Problem requirements - Exclude the pictures, then restate exactly each line of the data below from the first through the line containing "În cadrul platformei".

[Material shown — start]

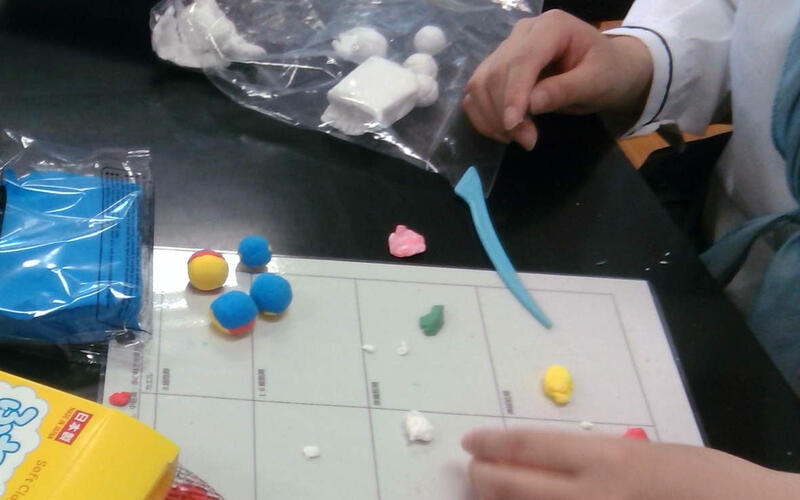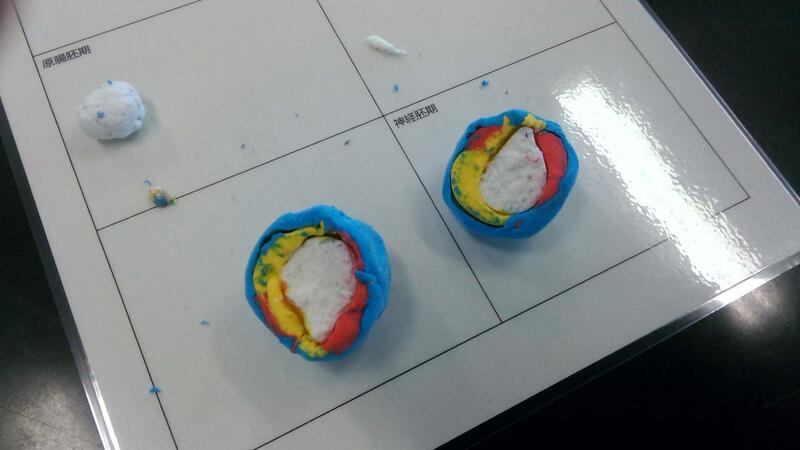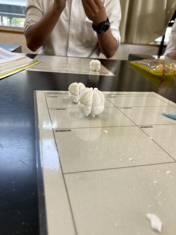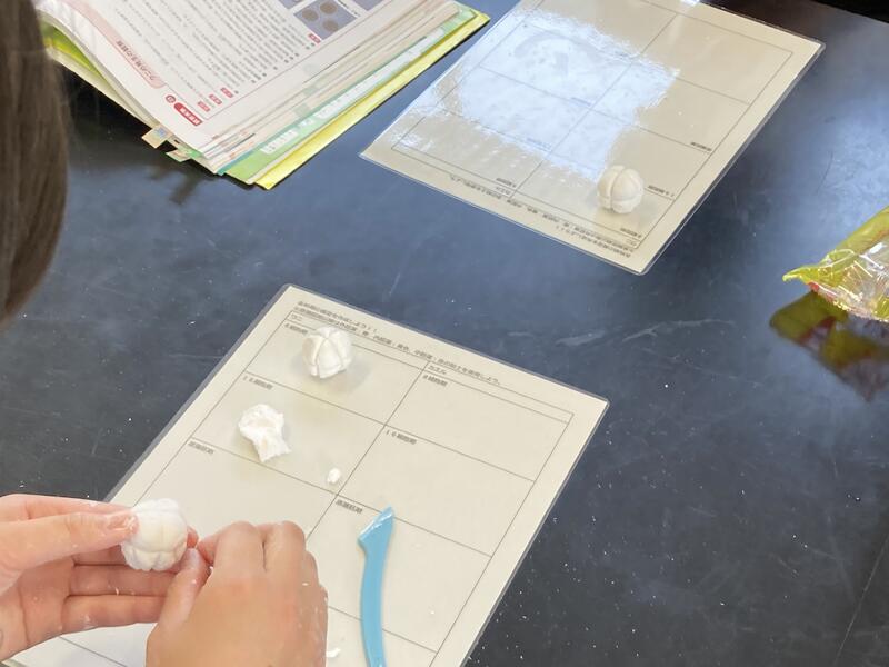 現在、生物の授業で動物の発生の授業を行っています。教科書では発生の様子を写真や断面図で教えてくれていますが、なかなか立体的にイメージすることができません。そこで、彫刻など立体的に制作する美術の知識を使えないかと考え粘土による模型作成を実施しました。模型作成にあたり、本校の美術の松本教諭に授業をしてもらい、立体的に制作する方法やコツを習いました。
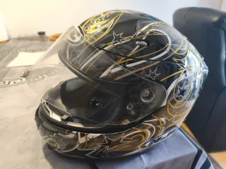 Casco integral para moto con un diseño retro y detalles llamativos. - Acabado brillante en negro con detalles dorados. - Interior con ribetes de cuero. - Visera transparente. - Talla L.
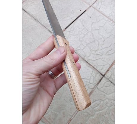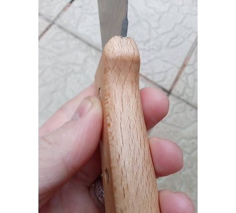 Через ЧЕТЫРЕ дня рукоять пошла трещинами, появились щели между обухом и рукоятью. И всё это без видимых причин, без замачивания в воде, без посудомоечной машины ( которой просто нет)
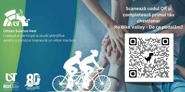 În cadrul platformei CitizenScienceVest, primul chestionar disponibil a fost dedicat investigării percepțiilor, motivațiilor și barierelor legate de mobilitatea sustenabilă, în special prin ciclism. Acest demers de cercetare aplicativă este rezultatul colaborării dintre Institutul de Cercetări Avansate de Mediu, Decathlon și comunitatea Ro Bike Valley. Chestionarul își propune să colecteze date esențiale care vor fi utilizate pentru a înțelege mai bine factorii ce influențează adoptarea ciclismului ca mod de transport sustenabil în comunitatea noastră.
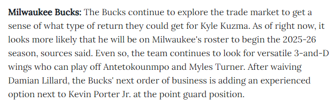 该记者写道:“雄鹿队继续探索交易市场,以了解他们能从库兹马身上获得何种回报。消息人士称,截至目前,他更有可能在2025-26赛季开始时出现在密尔沃基的大名单上。即便如此,球队仍在寻找能够在扬尼斯-阿德托昆博和迈尔斯-特纳身边打球的多功能3D侧翼。在裁掉达米安-利拉德后,雄鹿队的下一项任务是在控卫位置上为小凯文-波特增添一位有经验的选择。”

[Material shown — finish]

Result -
 現在、生物の授業で動物の発生の授業を行っています。教科書では発生の様子を写真や断面図で教えてくれていますが、なかなか立体的にイメージすることができません。そこで、彫刻など立体的に制作する美術の知識を使えないかと考え粘土による模型作成を実施しました。模型作成にあたり、本校の美術の松本教諭に授業をしてもらい、立体的に制作する方法やコツを習いました。
 Casco integral para moto con un diseño retro y detalles llamativos. - Acabado brillante en negro con detalles dorados. - Interior con ribetes de cuero. - Visera transparente. - Talla L.
 Через ЧЕТЫРЕ дня рукоять пошла трещинами, появились щели между обухом и рукоятью. И всё это без видимых причин, без замачивания в воде, без посудомоечной машины ( которой просто нет)
 În cadrul platformei CitizenScienceVest, primul chestionar disponibil a fost dedicat investigării percepțiilor, motivațiilor și barierelor legate de mobilitatea sustenabilă, în special prin ciclism. Acest demers de cercetare aplicativă este rezultatul colaborării dintre Institutul de Cercetări Avansate de Mediu, Decathlon și comunitatea Ro Bike Valley. Chestionarul își propune să colecteze date esențiale care vor fi utilizate pentru a înțelege mai bine factorii ce influențează adoptarea ciclismului ca mod de transport sustenabil în comunitatea noastră.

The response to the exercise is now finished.